THE final regulatory hurdle has been cleared in the $1.3 billion Asian bid for Aussie food giant Goodman Fielder (ASX code: GFF).
Nanjing Night Net

The Overseas Investment Office (OIO) in New Zealand – the last remaining regulatory approval needed – granted its consent for the acquisition today.

The Chinese regulator – the Anti-Monopoly Bureau of the Ministry of Commerce of the People’s Republic of China (MOFCOM) – gave its approval earlier this week.

Singapore oils giant Wilmar International and First Pacific, a Hong Kong investment company, first flagged their bid last April.

In the next step, a shareholder meeting to consider and vote on the proposal is scheduled for February 26. Goodman Fielder says it will continue to keep shareholders updated on “any material developments”.

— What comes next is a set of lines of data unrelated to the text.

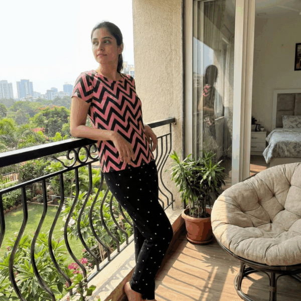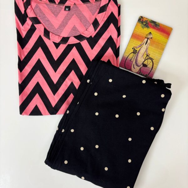 Pink Chevron & Black Polka Dot Cotton Lounge Set
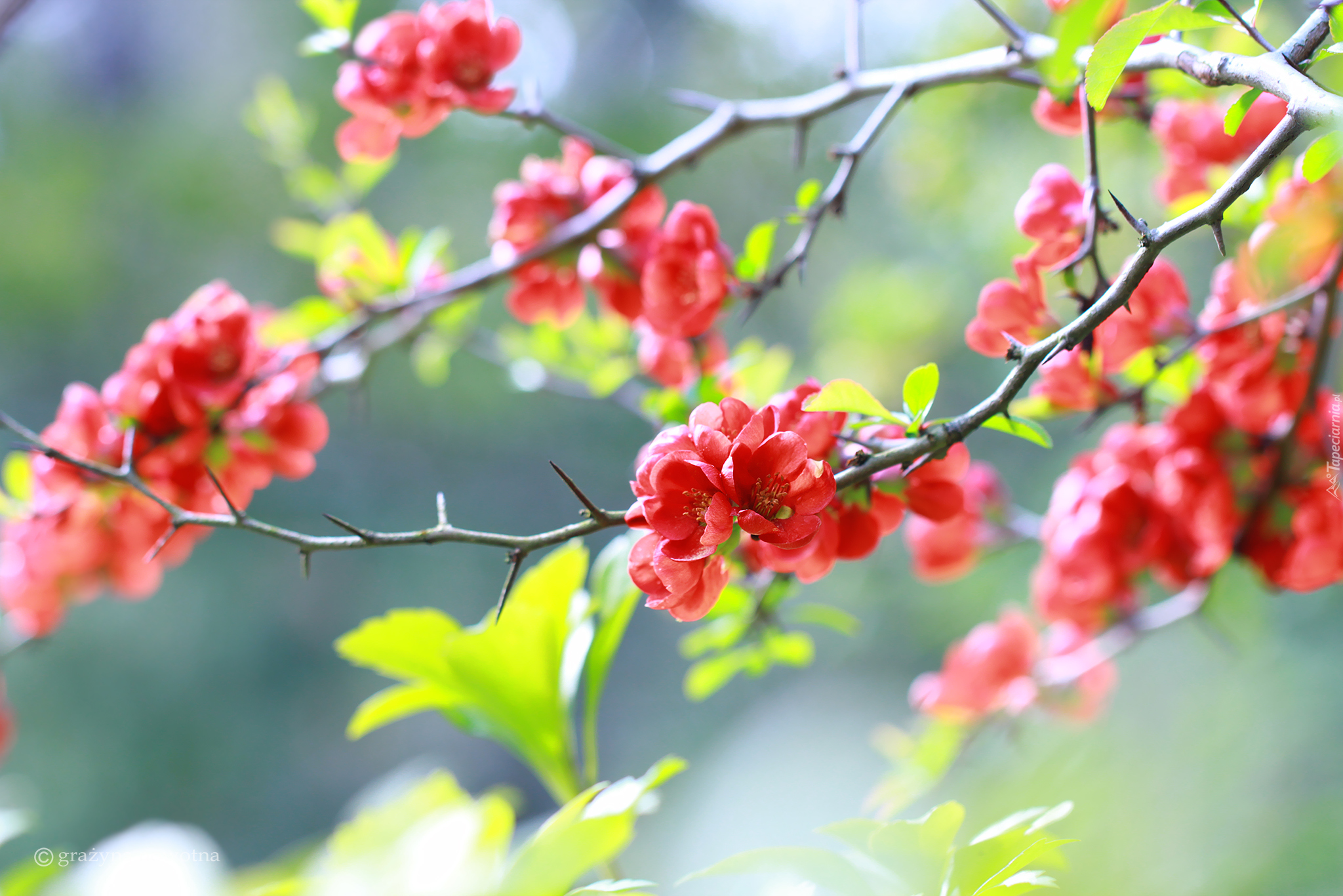 Edytor tapety: Kwitnące gałązki pigwowca japońskiego
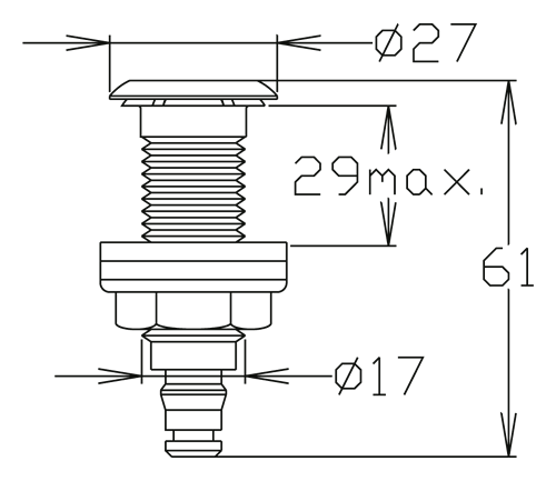 Luftdüse mit Messingdeckel, Wannenboden max. 29 mm, lang
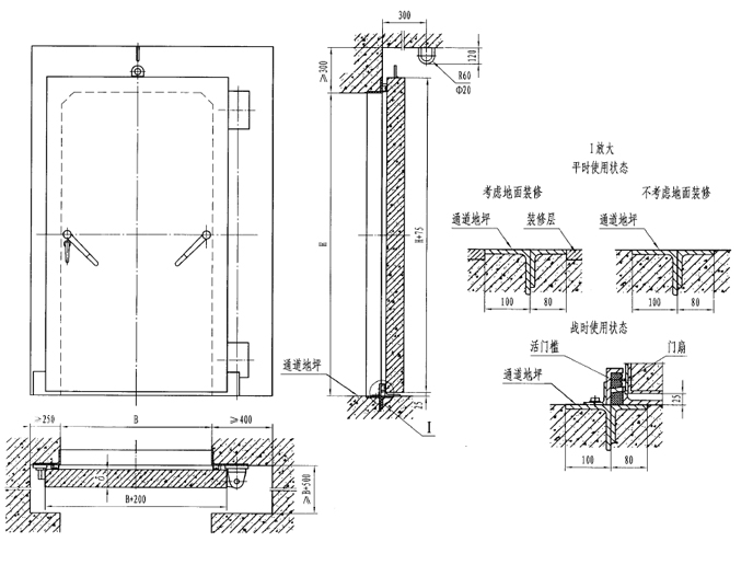 此類門的特點(diǎn)是平時不設(shè)門檻,地面平整,便于人員或車輛通行;戰(zhàn)時快速設(shè)置門檻,以滿足防護(hù)、密閉要求。
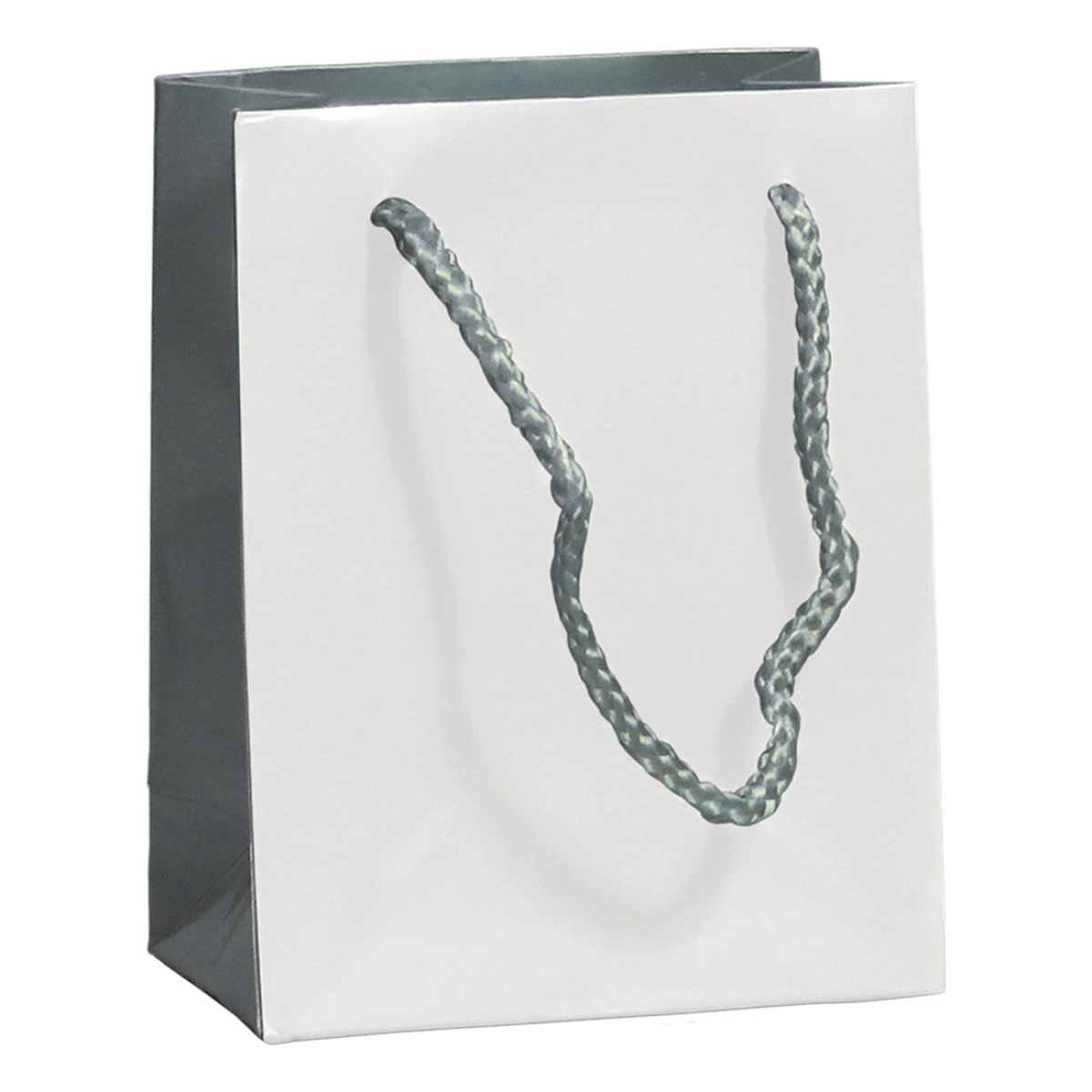 Luxury paper bag with drawstring handle, 210g, white/silver, 11.5x6x14.5cm
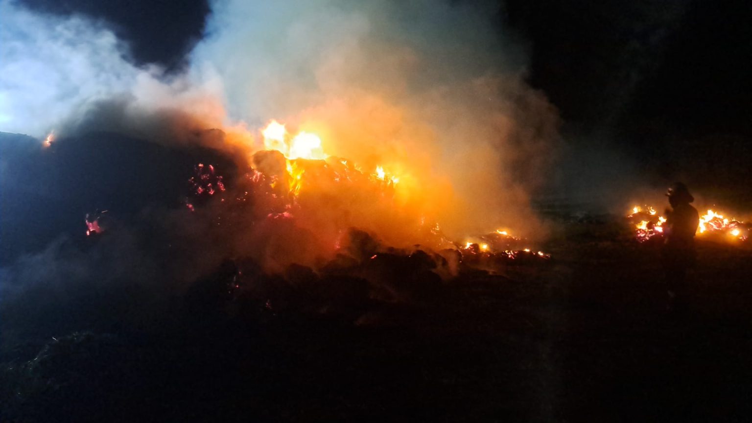Un incendiu violent s-a produs noaptea trecută, pe un câmp din localitatea Trușești. Un depozit de furaje a fost cuprins de flăcări după ce a fost lovit de trăsnet. Alarma a fost dată puțin înainte de ora 21:00.

The scheme of arrangement needs approval from 75 per cent of the shares cast and 50pc of shareholders. Retail shareholders, who account for about 10pc of the shares on issue, are reported to be largely unhappy with the terms of the deal and the loss of another Australian food company to foreign owners.

With its iconic brands Crisco and Gold’N Canola, Goodman Fielder is the largest canola, soybean and sunflower oil supplier to Australian retailers, while Wilmar has cornered the market in imported packaged oils which supermarkets sell under their private labels.

The Australian Competition and Consumer Commission (ACCC) announced in September it would not oppose the joint acquisition, saying packaged vegetable oil can be readily imported from international suppliers, and is thought to have low levels of brand loyalty, “making it easier for retailers to bypass their existing suppliers”.

Wilmar and First Pacific’s initial bid of 65 cents a share was knocked back by GFF as “opportunistic”. A 70c/share bid was eventually watered down to 67.5c/share in July after the joint bidders completed four weeks of due diligence, which revealed the need for significant capital investment and asset write-downs.

Wilmar and First Pacific have material adverse change clauses attached to their 67.5 cent a share offer, which enables the bidders to walk away if recurring earnings before interest and tax falls $30 million or the value of net assets falls by $100 million in 2015.

GFF reiterated its support for the $1.3b bid after delivering a flat first-half profit result earlier this month, with underlying net profit slipping 1 per cent to $29.7 million as cheaper milk and wheat costs countered falling prices in bread and spreads.